TASK REQUIREMENTS
Repeat every record below exactly, leaving out the pictures.

Data extracted from a collection

⟨

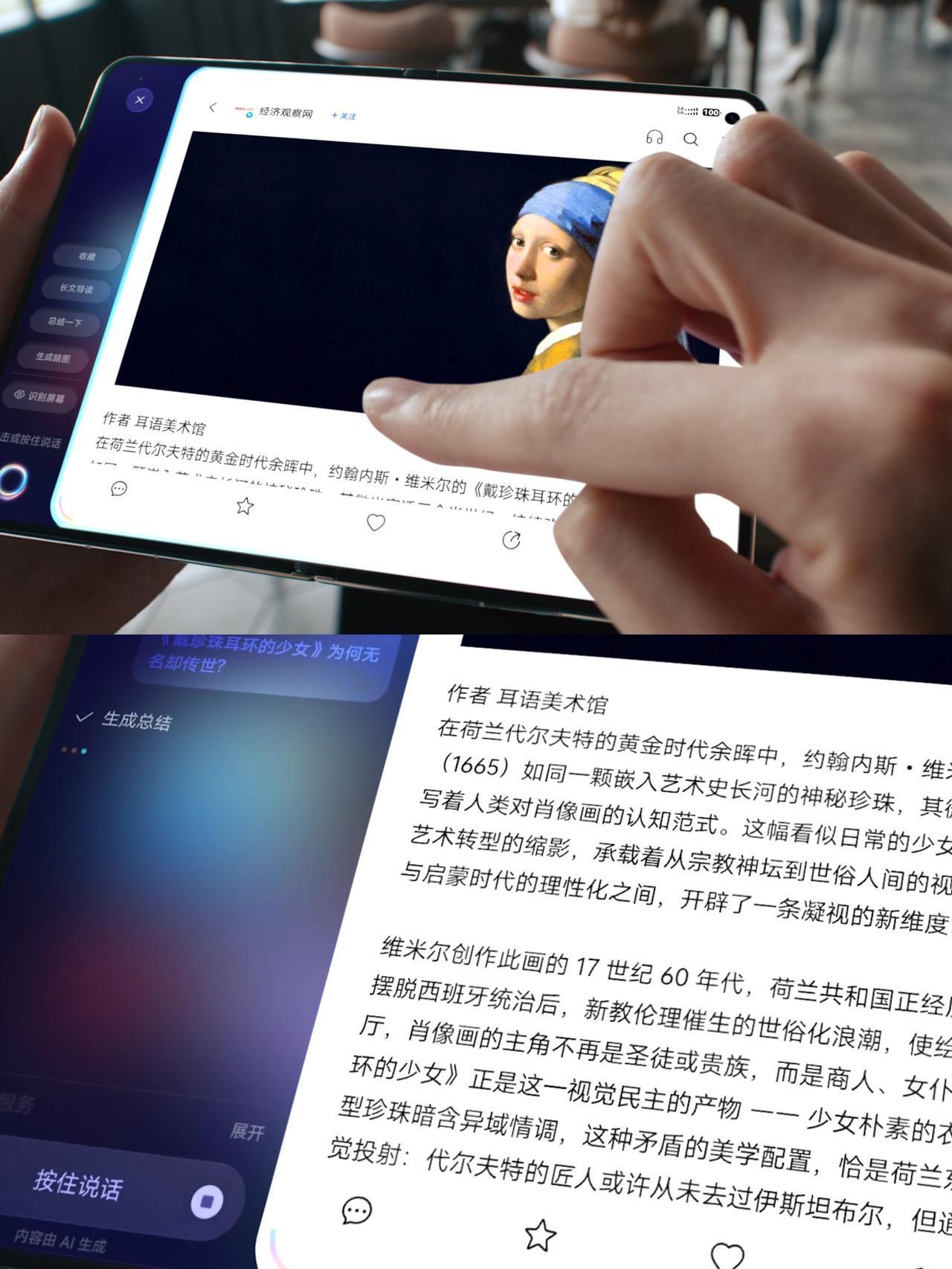背后有Agentic自演进架构强力支撑,能实现快慢思考融合、自主反思与进化,精准覆盖生活、工作、学习全维度高频场景。阅读时自动提炼核心重点,出行时主动推送路况和打车提醒,聊天时智能识别待办和票务信息,彻底解决信息碎片化、跨APP管理繁琐的烦恼。而且它的双面阔型屏内外体验一致,A4纸比例带来极致沉浸感,搭配贴心又智能的伴随式AI,日常用机的幸福感直接翻倍,这才是未来手机该有的样子!华为大阔折开启伴随式AI时代
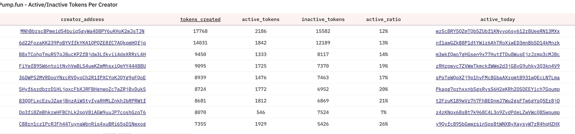 What you are looking at is a table of individual Solana addresses, the number of memecoin tokens they've created, how many of those memecoins are currently active, how many of them are currently inactive, and the ratio of active:inactive coins created by each individual. This chart perfectly describes the complete degeneracy and, more importantly, worthlessness of altcoins. Particularly, memecoins. Even more importantly, the dynamic currently unfolding in the memecoin space highlights just how differentiated bitcoin is and why "alt season" will never be the same.
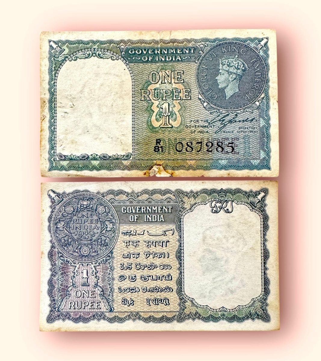 - Re 1 British India Banknote 1940 Black Series King George VI Collectible Quality 087285 Burma Issue Unique and Rare Issue
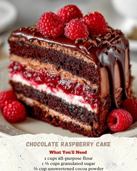 This Chocolate Raspberry Cake is a dreamy fusion of flavors and textures—perfect for impressing guests or treating yourself. Simple steps yield bakery-worthy results. Bake it, savor it, and watch it disappear! 🍫🍰
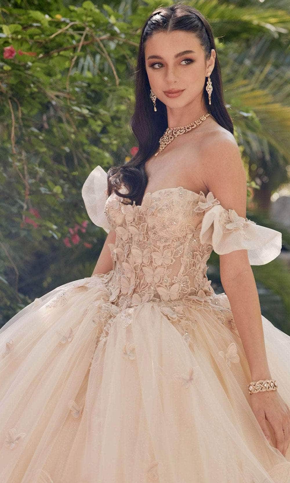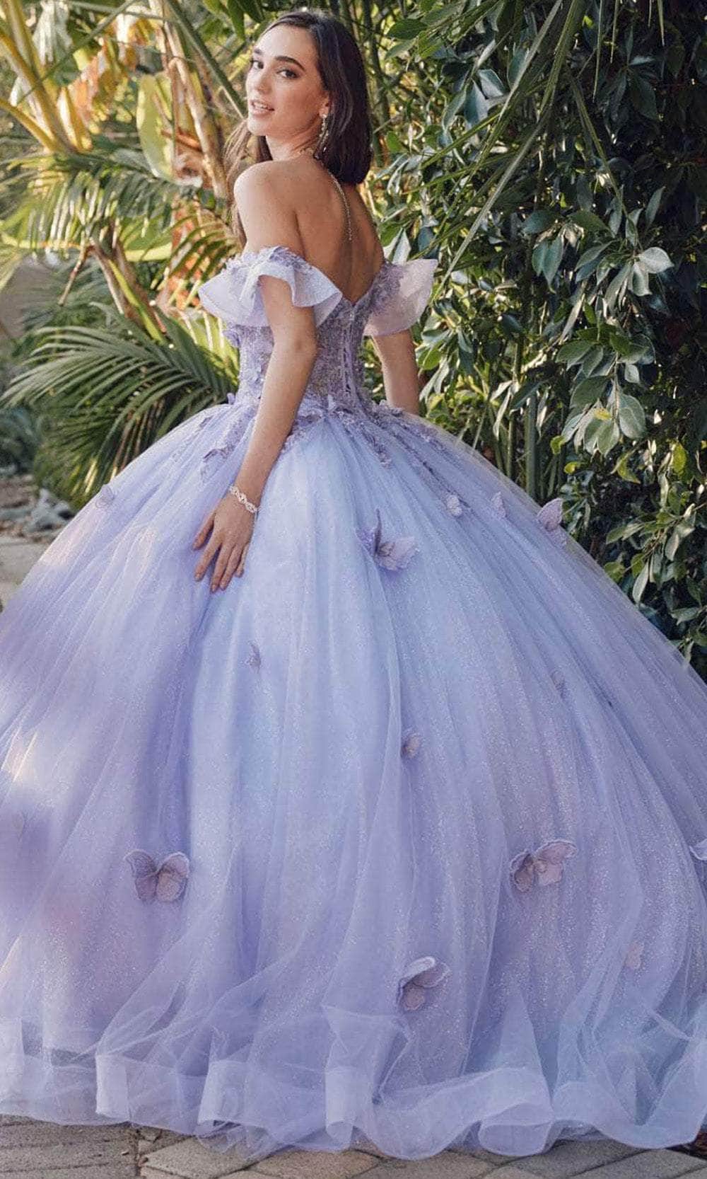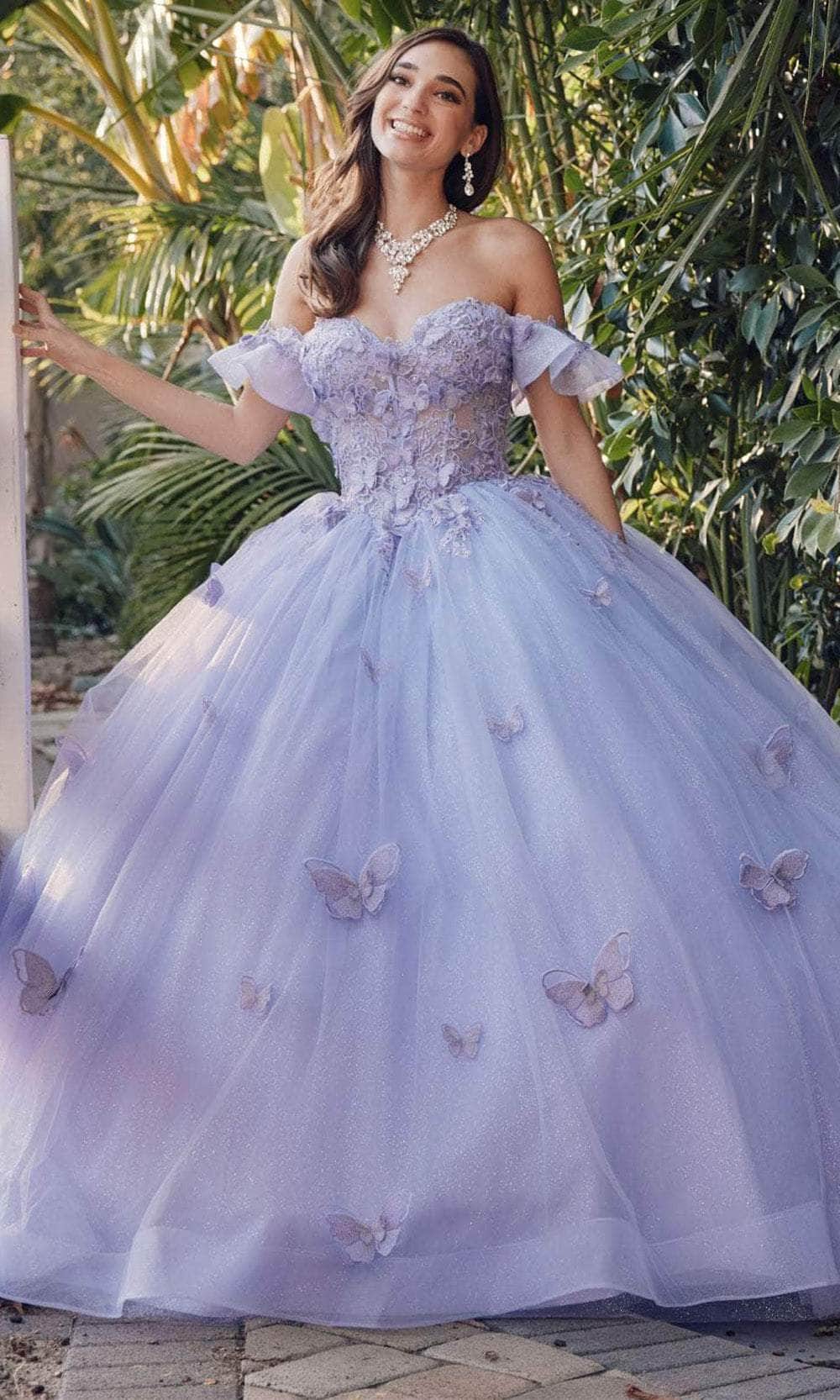 Orchestrate a beautiful entrance that screams extravagance in this Juliet Dresses JT1448J masterpiece. Every detail of this gown exudes opulence and beauty with its 3D butterfly appliques, embroidery and beadings adornment. The illusion corset boning bodice offers exceptional support, while the sweetheart neckline and off-shoulder flutter sleeve add a touch of romance. A lace-up tie closure at the open back lets you adjust the perfect fit. For a grandeur finish, the skirt bursts a voluminous ballgown silhouette and it streams beautifully to the sweeping train. Appear like a real-life princess in this Juliet Dresses JT1448J. Models are wearing Champagne, and Lilac colors.

⟩

RESULT FOR THIS TASK
背后有Agentic自演进架构强力支撑,能实现快慢思考融合、自主反思与进化,精准覆盖生活、工作、学习全维度高频场景。阅读时自动提炼核心重点,出行时主动推送路况和打车提醒,聊天时智能识别待办和票务信息,彻底解决信息碎片化、跨APP管理繁琐的烦恼。而且它的双面阔型屏内外体验一致,A4纸比例带来极致沉浸感,搭配贴心又智能的伴随式AI,日常用机的幸福感直接翻倍,这才是未来手机该有的样子!华为大阔折开启伴随式AI时代
 What you are looking at is a table of individual Solana addresses, the number of memecoin tokens they've created, how many of those memecoins are currently active, how many of them are currently inactive, and the ratio of active:inactive coins created by each individual. This chart perfectly describes the complete degeneracy and, more importantly, worthlessness of altcoins. Particularly, memecoins. Even more importantly, the dynamic currently unfolding in the memecoin space highlights just how differentiated bitcoin is and why "alt season" will never be the same.
 - Re 1 British India Banknote 1940 Black Series King George VI Collectible Quality 087285 Burma Issue Unique and Rare Issue
 This Chocolate Raspberry Cake is a dreamy fusion of flavors and textures—perfect for impressing guests or treating yourself. Simple steps yield bakery-worthy results. Bake it, savor it, and watch it disappear! 🍫🍰
 Orchestrate a beautiful entrance that screams extravagance in this Juliet Dresses JT1448J masterpiece. Every detail of this gown exudes opulence and beauty with its 3D butterfly appliques, embroidery and beadings adornment. The illusion corset boning bodice offers exceptional support, while the sweetheart neckline and off-shoulder flutter sleeve add a touch of romance. A lace-up tie closure at the open back lets you adjust the perfect fit. For a grandeur finish, the skirt bursts a voluminous ballgown silhouette and it streams beautifully to the sweeping train. Appear like a real-life princess in this Juliet Dresses JT1448J. Models are wearing Champagne, and Lilac colors.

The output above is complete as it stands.